───── Material shown ─────

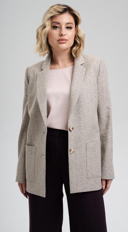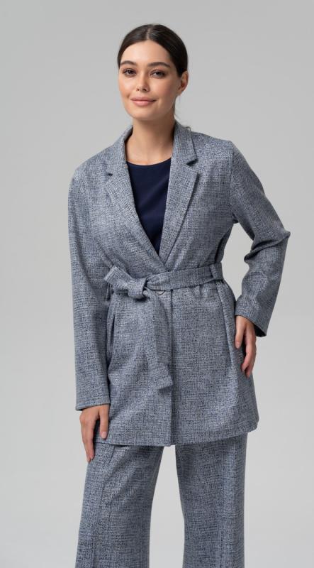 Удлиненный жакет свободного кроя с английским воротником, со спущенной линией плеча, с накладными карманами с клапаном из костюмной поливискозы с меланжевым переплетением - поможет создать стильный и уверенный образ. В предстоящем сезоне стилисты рекомендуют добавлять жакет в абсолютно любой образ от классического до вечернего. Жакет можно носить отдельно или в комплекте с брюками или юбкой из той же коллекции для монохромного образа в духе последних тенденций. Рукав рубашечного кроя полной длины имеет широкую подгибку, что позволяет собрать его или завернуть на мягкую манжету. Жакет дополнен съемным поясом. Застежка на петли и пуговицы.
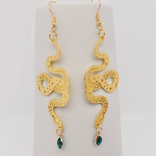 Bohemian Star Moon Snake Earrings Green Crystal Pendant
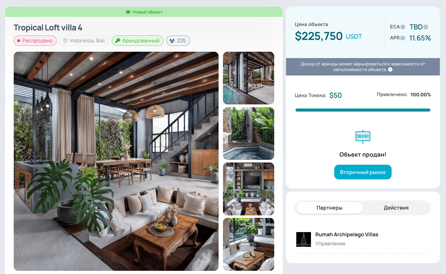 Создайте аккаунт и изучите отобранные объекты — например, арендные виллы на Бали или апартаменты в Турции. Каждый лот содержит ключевую информацию: локацию, доход от аренды и прогнозируемую доходность — всё, чтобы вы могли выбрать то, что соответствует вашим целям.
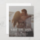 Simples e elegante noivado de fotos com dupla face dupla destino informal BUDGET BARATO casamento salve a modelo do cartão de data na tipografia neutra a preto e branco. Adequado para casamentos modernos.
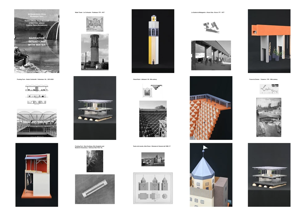 Learning from Water is part of a dynamic (series) of reflections set up by CENTRAL, Maxime Delvaus and occasionally Sophie Dars for several years on the question of the tenuous, perceptible or imperceptible, link that architecture maintains with its context and the making of the city. All these reflections are interested in the question of the missing link between architecture and urbanism and in the expression of the collective values of certain projects within the city itself. The challenge is to identify virtuous urban situations and to reveal their potential in order to propose an extrapolation in a synthetic form. These extrapolations, once isolated from their contexts, take on a certain form of 'universality' and can therefore be used as a project tool. These situations are generally the result of an assembly of intentions of which the city is made, they can be intended or inherited, anodyne or spectacular, architectural or not.... Each chosen context constitutes for us a pool of potential projects with its own particularities and specificities. We have to learn from what exists, from what is already there, from what has been and from what already works without always knowing why.

─────

Prompt - Write out every line above exactly, minus images.

Solution to this problem -
 Удлиненный жакет свободного кроя с английским воротником, со спущенной линией плеча, с накладными карманами с клапаном из костюмной поливискозы с меланжевым переплетением - поможет создать стильный и уверенный образ. В предстоящем сезоне стилисты рекомендуют добавлять жакет в абсолютно любой образ от классического до вечернего. Жакет можно носить отдельно или в комплекте с брюками или юбкой из той же коллекции для монохромного образа в духе последних тенденций. Рукав рубашечного кроя полной длины имеет широкую подгибку, что позволяет собрать его или завернуть на мягкую манжету. Жакет дополнен съемным поясом. Застежка на петли и пуговицы.
 Bohemian Star Moon Snake Earrings Green Crystal Pendant
 Создайте аккаунт и изучите отобранные объекты — например, арендные виллы на Бали или апартаменты в Турции. Каждый лот содержит ключевую информацию: локацию, доход от аренды и прогнозируемую доходность — всё, чтобы вы могли выбрать то, что соответствует вашим целям.
 Simples e elegante noivado de fotos com dupla face dupla destino informal BUDGET BARATO casamento salve a modelo do cartão de data na tipografia neutra a preto e branco. Adequado para casamentos modernos.
 Learning from Water is part of a dynamic (series) of reflections set up by CENTRAL, Maxime Delvaus and occasionally Sophie Dars for several years on the question of the tenuous, perceptible or imperceptible, link that architecture maintains with its context and the making of the city. All these reflections are interested in the question of the missing link between architecture and urbanism and in the expression of the collective values of certain projects within the city itself. The challenge is to identify virtuous urban situations and to reveal their potential in order to propose an extrapolation in a synthetic form. These extrapolations, once isolated from their contexts, take on a certain form of 'universality' and can therefore be used as a project tool. These situations are generally the result of an assembly of intentions of which the city is made, they can be intended or inherited, anodyne or spectacular, architectural or not.... Each chosen context constitutes for us a pool of potential projects with its own particularities and specificities. We have to learn from what exists, from what is already there, from what has been and from what already works without always knowing why.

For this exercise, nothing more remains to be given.